Chet, I was trying to find m/s. The problem gives m/6 s. Sorry about the confusion, I typed 60 seconds, but I missed a decimal! It is actually 6.0 seconds. Okay, maybe I'll just get it now that I found those errors:
KE=1/2mv²
KE=1/2(1200)(4.5m/s² )
KE=1/2(1200)(20.25)
KE=12150 Joules
P=energy/time
P=2025 Watts
1 hp=746 W
2025*1 hp/746 Watts=2.71 horsepower.


Anndd no. I used the right formula on my paper but I typed it wrong here. So where did I go wrong? I sorted out the problems with the slipped decimal and the wrong formula. Is there some basal step I'm missing?

Thanks again, everyone!

 

[Chestermiller]

You still calculated the kinetic energy incorrectly for the end of 6 seconds. It should be:

(0.5)(1200)(27)² Joules. The average power (in watts) is this value divided by 6 seconds.

chet

 

[Medgirl314]

Oh, I missed that it's asking for the TOTAL power output, even though it was implied in some of your guys' posts. I just overcomplicated it.

(0.5)(1200)(27)2
=(0.5)(1200)(729)
=437400 Joules.
=437400/6 Watts
=72900 Watts
=72900/746 horsepower
=97.72 horsepower.

Seems much more likely to me. Could someone please check it?

 

[Chestermiller]

Oh, I missed that it's asking for the TOTAL power output, even though it was implied in some of your guys' posts. I just overcomplicated it.

(0.5)(1200)(27)2
=(0.5)(1200)(729)
=437400 Joules.
=437400/6 Watts
=72900 Watts
=72900/746 horsepower
=97.72 horsepower.

Seems much more likely to me. Could someone please check it?

Looks good.

Chet

 

[Medgirl314]

Thank you!

 

[Mark44]

Slightly off-topic, but the 2CV model name stood for deux chevaux vitesse, which is the speed of two horses, if my French translation is at all accurate. I never understood how two horses could be faster than one. Maybe it meant that if you wanted the car to go really fast, get two horses to pull it.

 

[voko]

Slightly off-topic, but the 2CV model name stood for deux chevaux vitesse, which is the speed of two horses, if my French translation is at all accurate.

That corresponds to "deux chevaux-vapeur", which literally means "two steam horses", but in fact means "two tax horsepowers", which is basically a taxation class based in the displacement of the engine, which was close to two real horsepowers in the beginning of the 20th century, but as time went on and the engine efficiencies increased, the discrepancy became very significant.

I never understood how two horses could be faster than one.

This, BTW, is widely held misconception.

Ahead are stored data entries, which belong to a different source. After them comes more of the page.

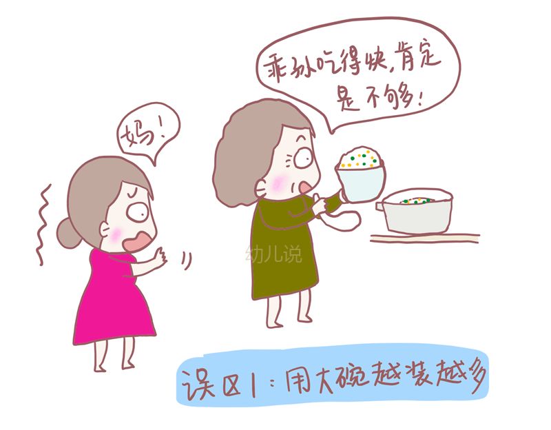 有些妈妈看到孩子用大碗很快吃完,便觉得孩子可能吃不够,或者认为孩子吃更多会更好,在短暂的时间内一下子加大孩子吃饭的分量,饭食在大碗里的比例一下子提高,这是不可取的。一方面,迅速加大吃饭量、暴饮暴食不利孩子的肠胃消化和健康;另一方面,饭食在大碗里的比例提高,就达不到“大碗少饭”给孩子带来的视觉和心理效果。大碗满满的饭跟小碗满满的饭,同样会引起孩子饱饱的感觉,食欲和容易战胜的感觉便一下子没了。
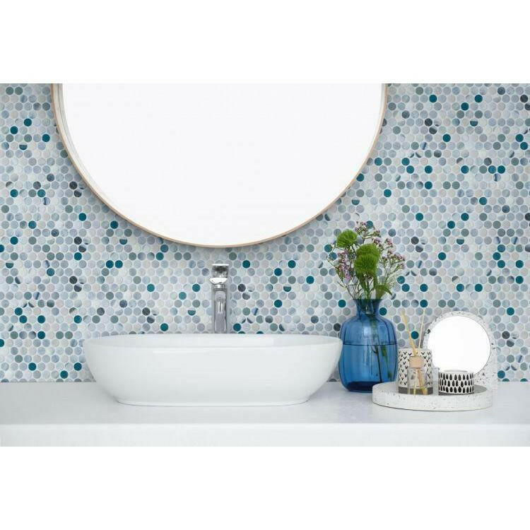 Phoenix Penny Grey Circular Glass Mosaic Tile
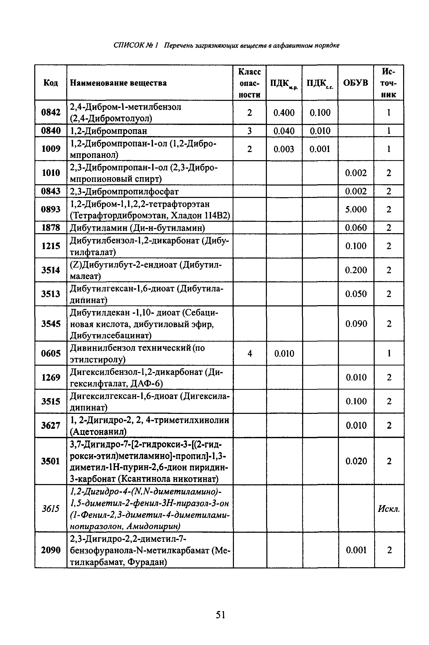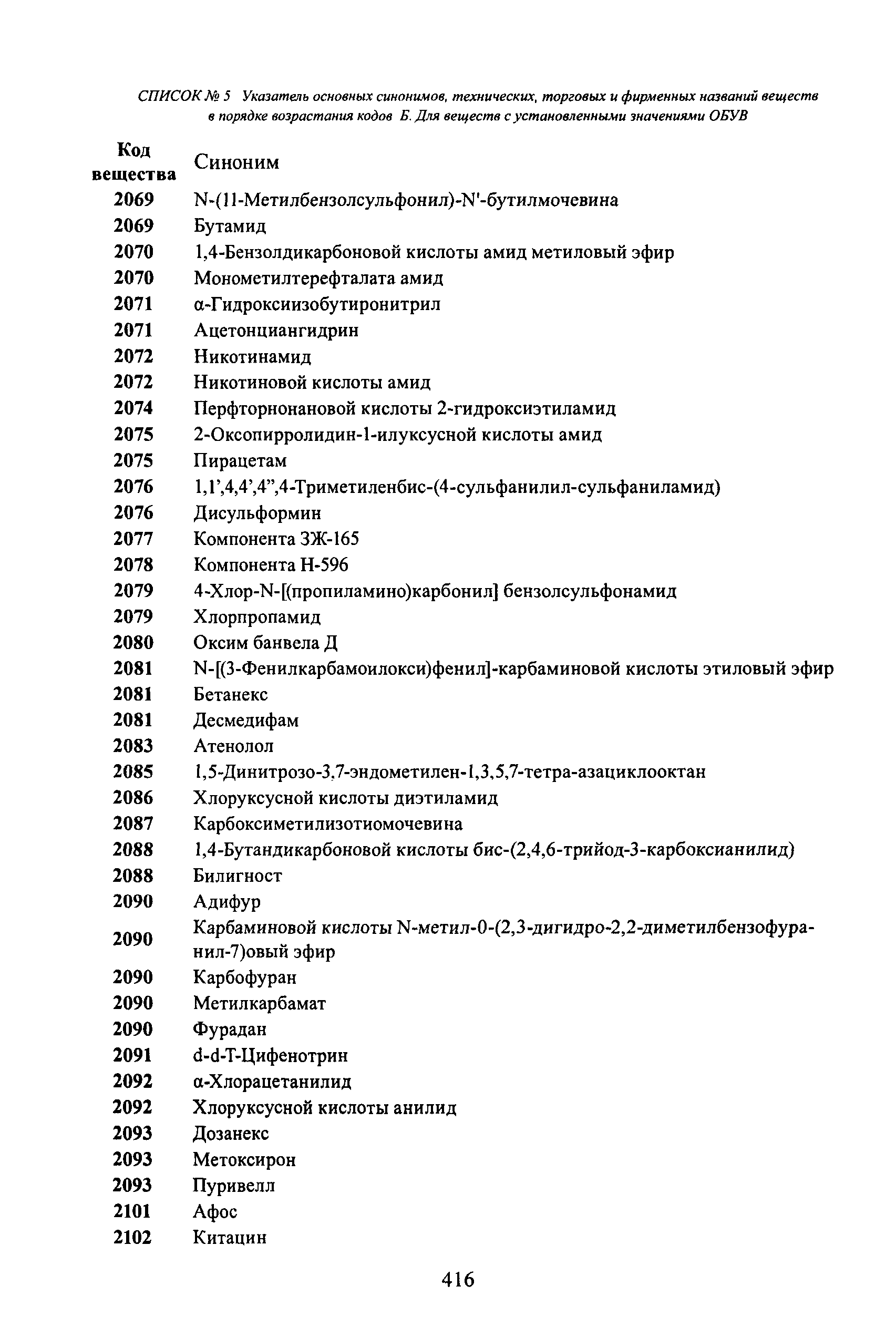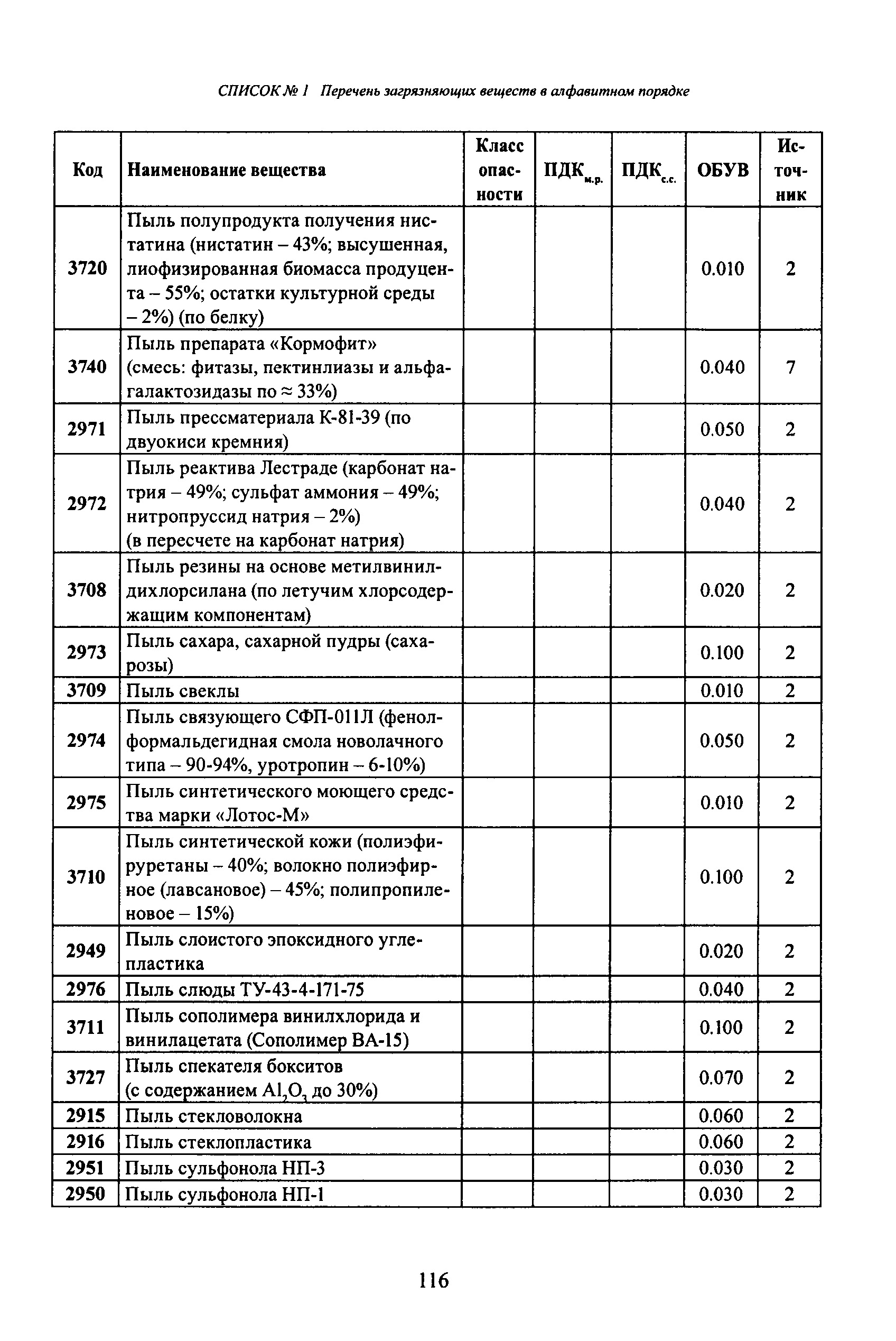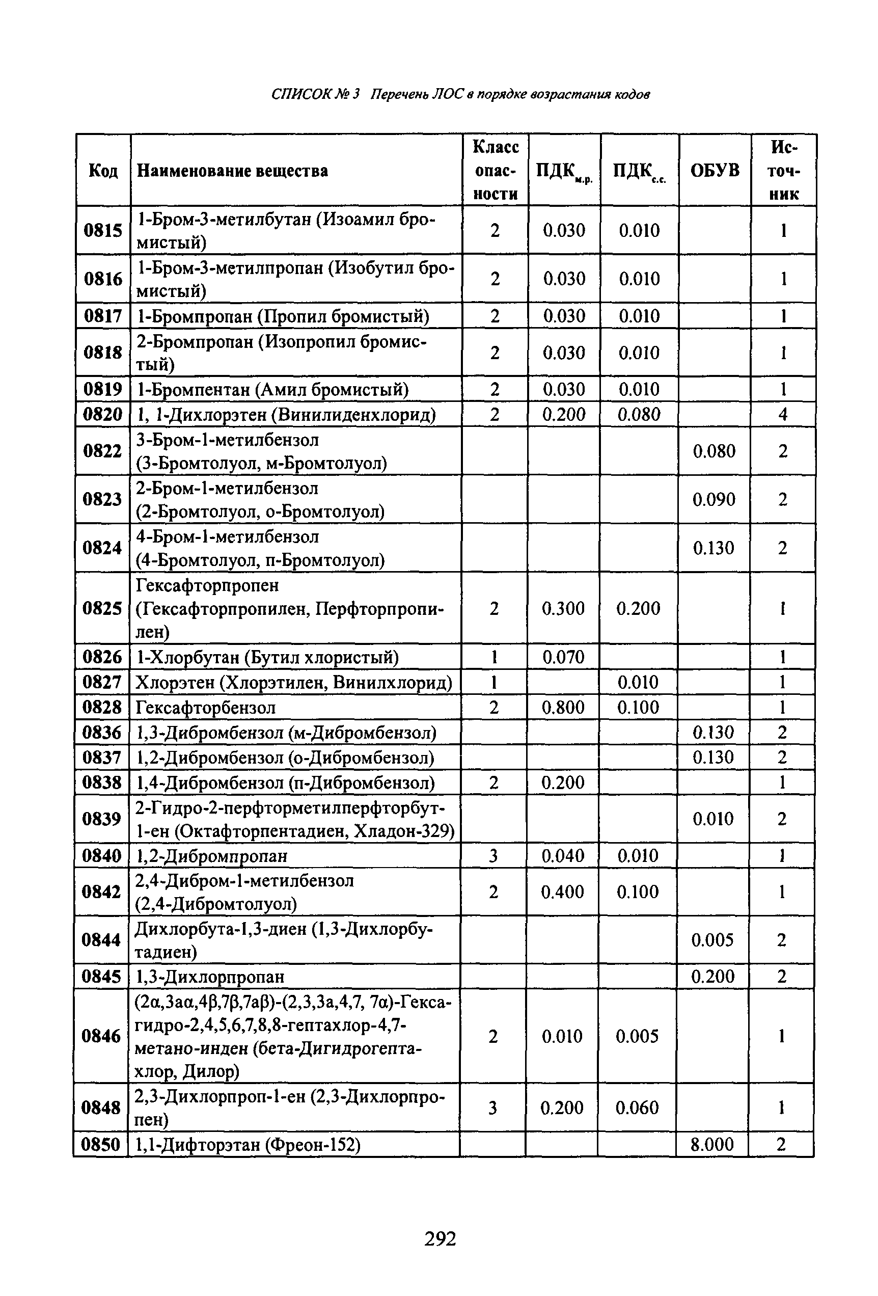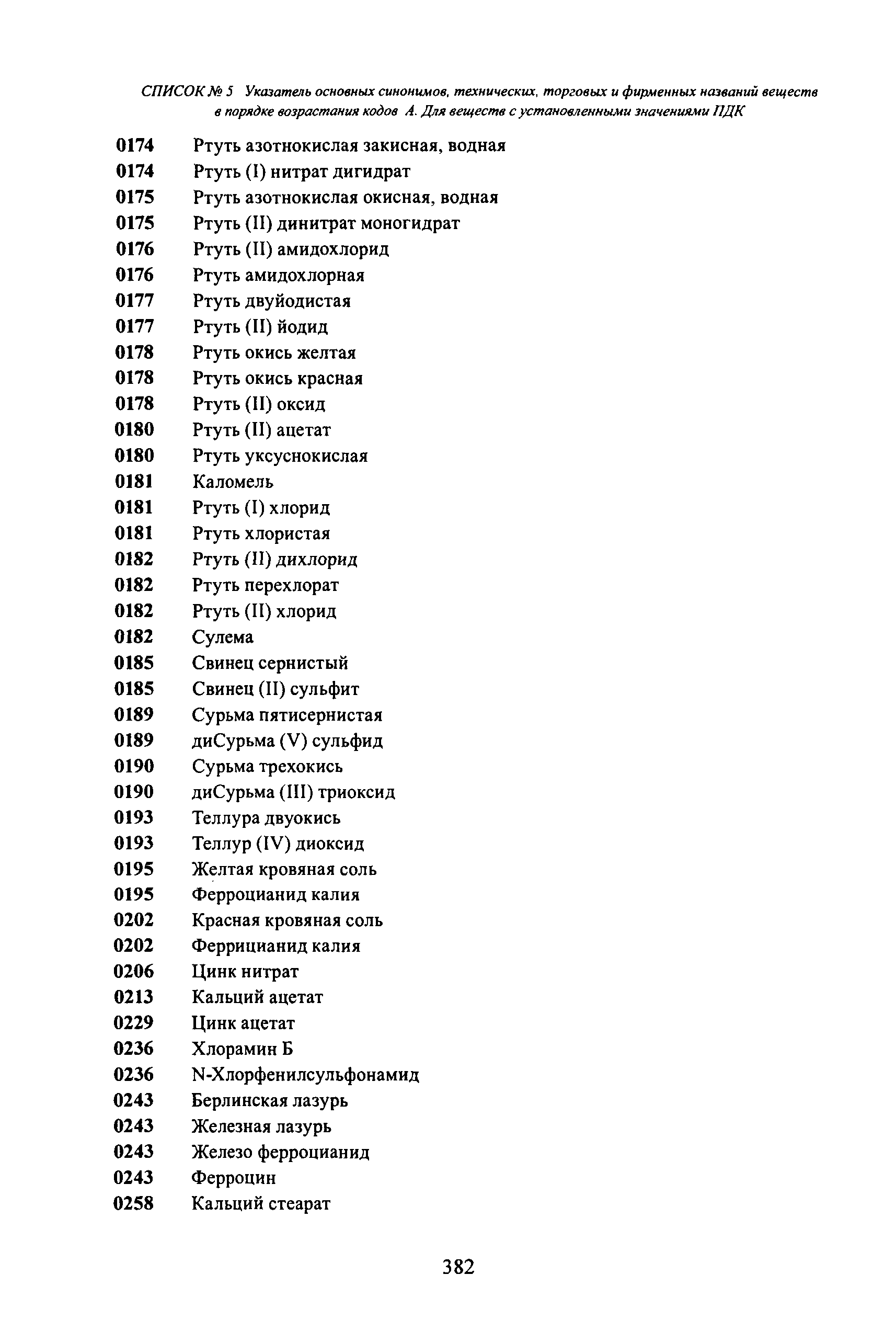 | Оглавление: | Введение Список № 1 Перечень загрязняющих веществ в алфавитном порядке Список № 2 Перечень загрязняющих веществ в порядке возрастания кодов Список № 3 Перечень ЛОС в порядке возрастания кодов Список № 4 Указатель основных синонимов, технических, торговых и фирменных названий веществ в алфавитном порядке А. Для веществ с установленными значениями ПДК Б. Для веществ с установленными значениями ОБУВ Список № 5 Указатель основных синонимов, технических, торговых и фирменных названий веществ в порядке возрастания кодов А. Для веществ с установленными значениями ПДК Б. Для веществ с установленными значениями ОБУВ |

In just about any western, a horseback rider can easily catch up with and outrun a multi-horse carriage. While in reality it is not necessarily so.

 

[Medgirl314]

I suppose it would depend on the mass and design of the carriage,correct? As well as the exact energy of the horses?

 

[voko]

I suppose it would depend on the mass and design of the carriage,correct?

Yes. Its payload, too.

As well as the exact energy of the horses?

The power developed by the horses is the more accurate way of saying that.

 

[Medgirl314]

The power developed by the horses is the more accurate way of saying that.

Thank you! I couldn't figure out how to put it.